Question:
Given $X = x$, $Y$ is defined the following way:
$$ Y = x + 2W $$
where $ W \sim N(0,1) $. What is the conditional mean and variance of $Y$ given $X = x$? Write down the conditional density of $Y$ given $X = x$.
My work:
- Finding the conditional mean :
\begin{align}{ E[ Y | X = x] = E [x + 2W | X = x] \\ E[Y|X=x] =E[x | X = x] + 2E[W | X = x] \\ E[Y| X = x] = x + 2*0 = x } \end{align}
- Finding the conditional variance: \begin{align}{ \text{Var}(Y | X = x) = \text{Var}(x + 2W | X = x) \\\text{Var}(Y |X =x) = \text{Var}(x | X=x) + 4\text{Var}(W|X = x) \\ \text{Var}(Y|X=x) = 0 + 4*1 = 4 } \end{align}
- Finding the pdf. $Y$ is defined in terms of $W$, which is approx. norm. We calculated the conditional mean and conditional variance to be $x$ and $4$, respectively. Therefore, the pdf for this variable will be approx. norm with $\mu = x$ and $\sigma^2 = 4$.

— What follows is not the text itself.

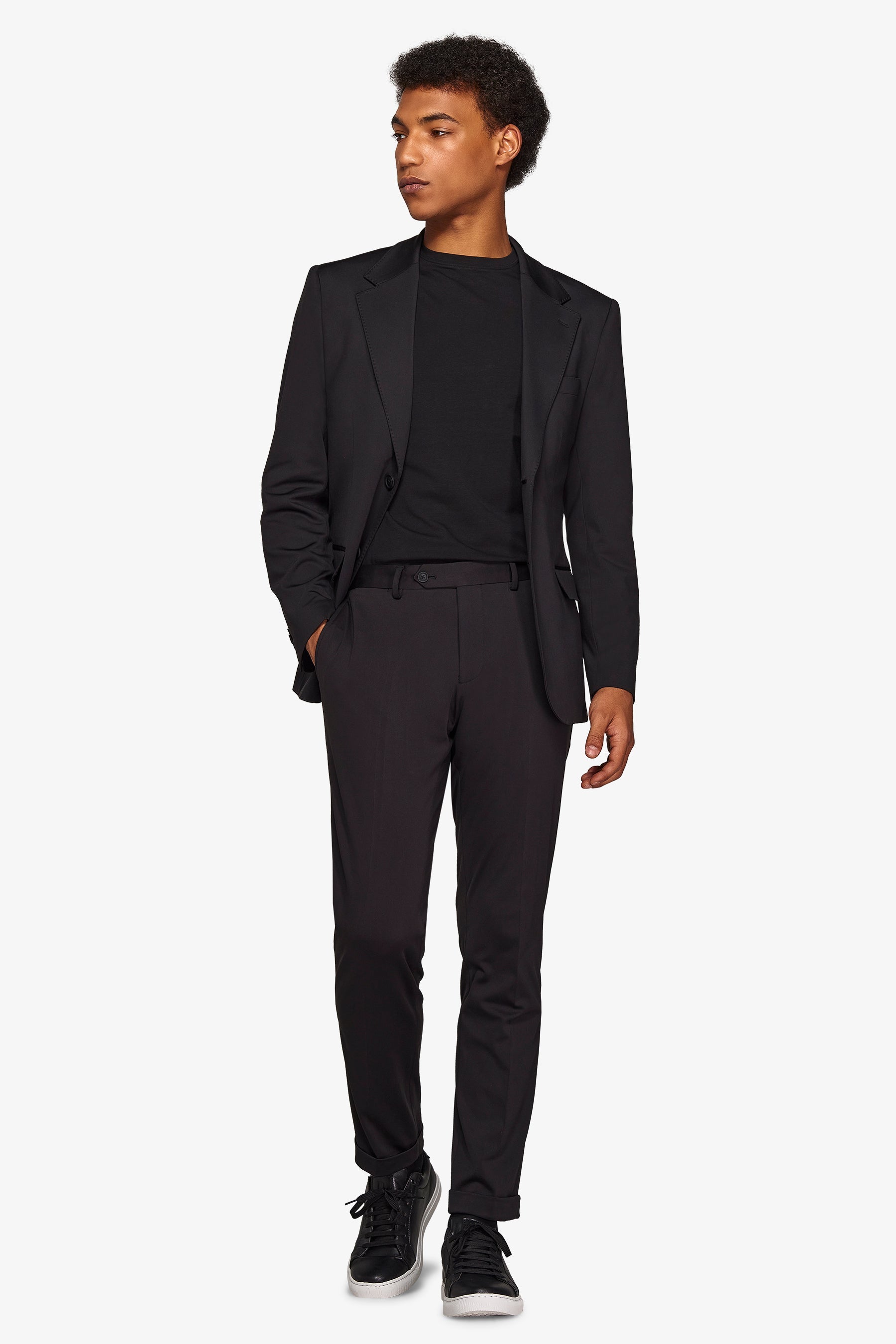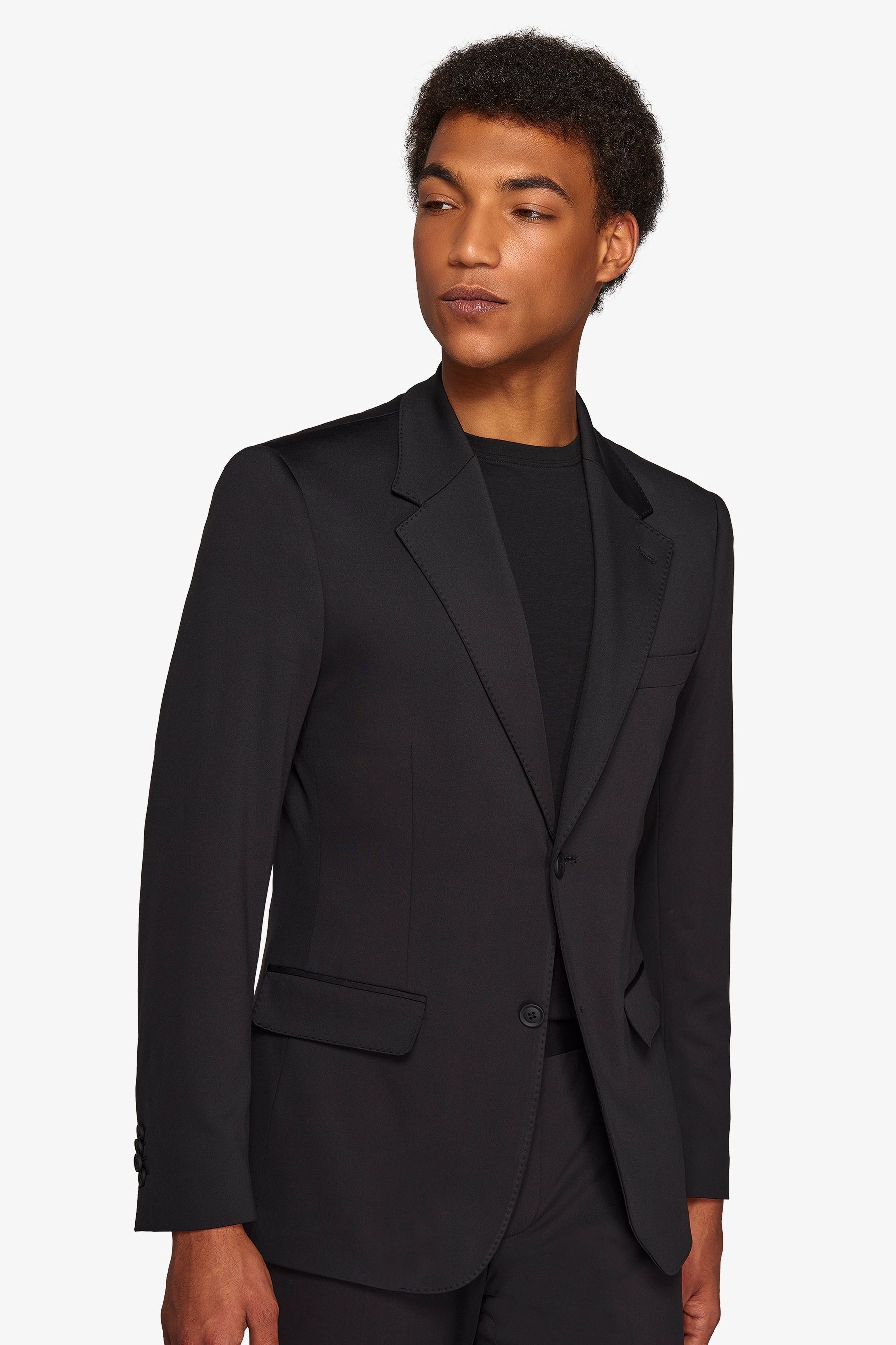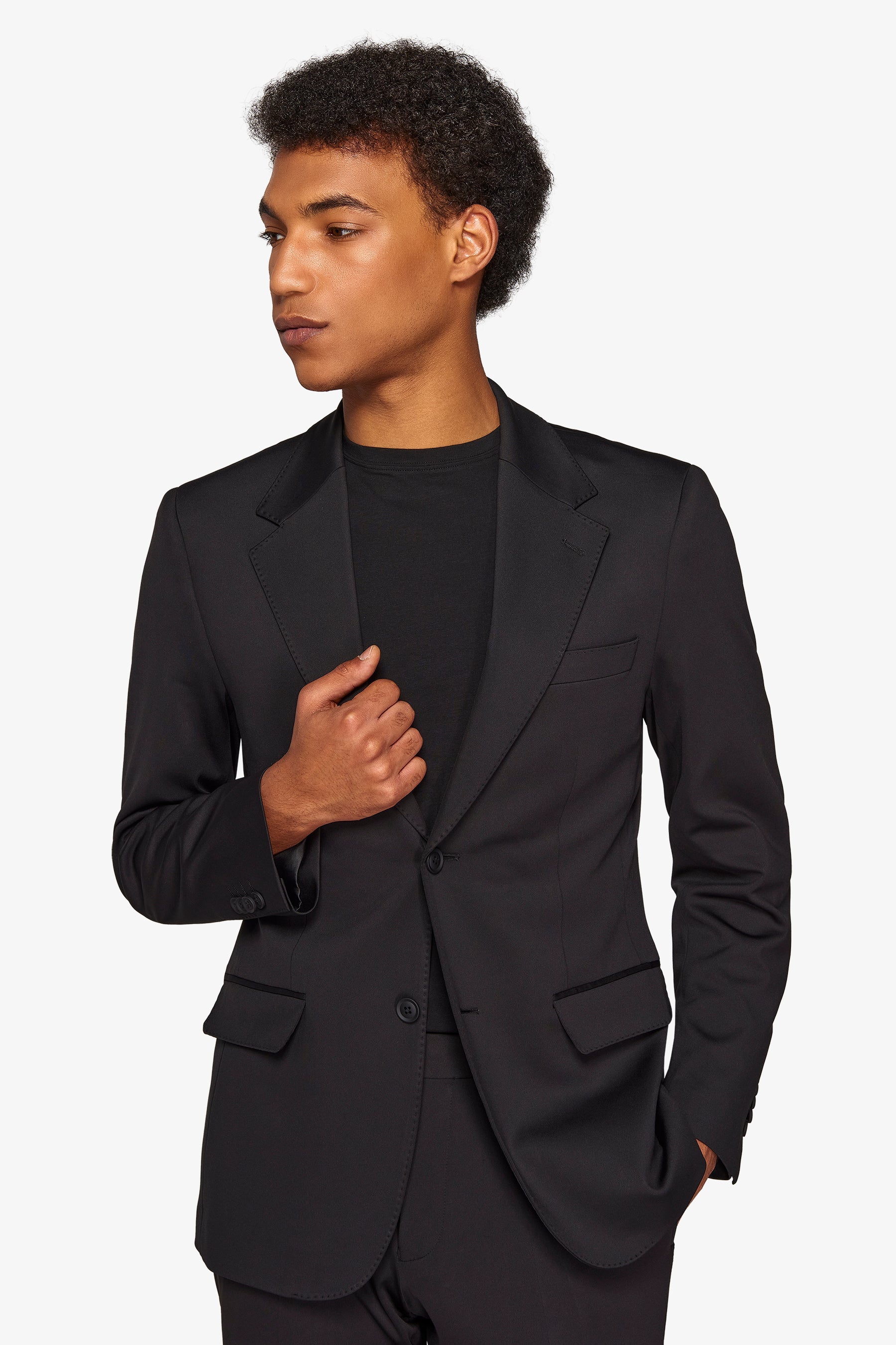 Suit jacket in stretch jersey stretch fabric. Slim line with normal lapel. Two buttons and flap pockets. Lined. Side slits.

\begin{align}{ f_{Y|X=x}(Y|X=x) = f_{x + 2W|X=x}(x + 2W|X=x) \\ f_{Y|X=x}(Y|X=x) = \frac{1}{\sqrt{2\pi\sigma^2}}*e^{\frac{-(y-\mu)^2}{2*\sigma^2}} \\ f_{Y|X=x}(Y|X=x) = \frac{1}{\sqrt{8\pi}}*e^{\frac{-(y-x)^2}{8}} } \end{align}
Does this seem right? Thanks in advance!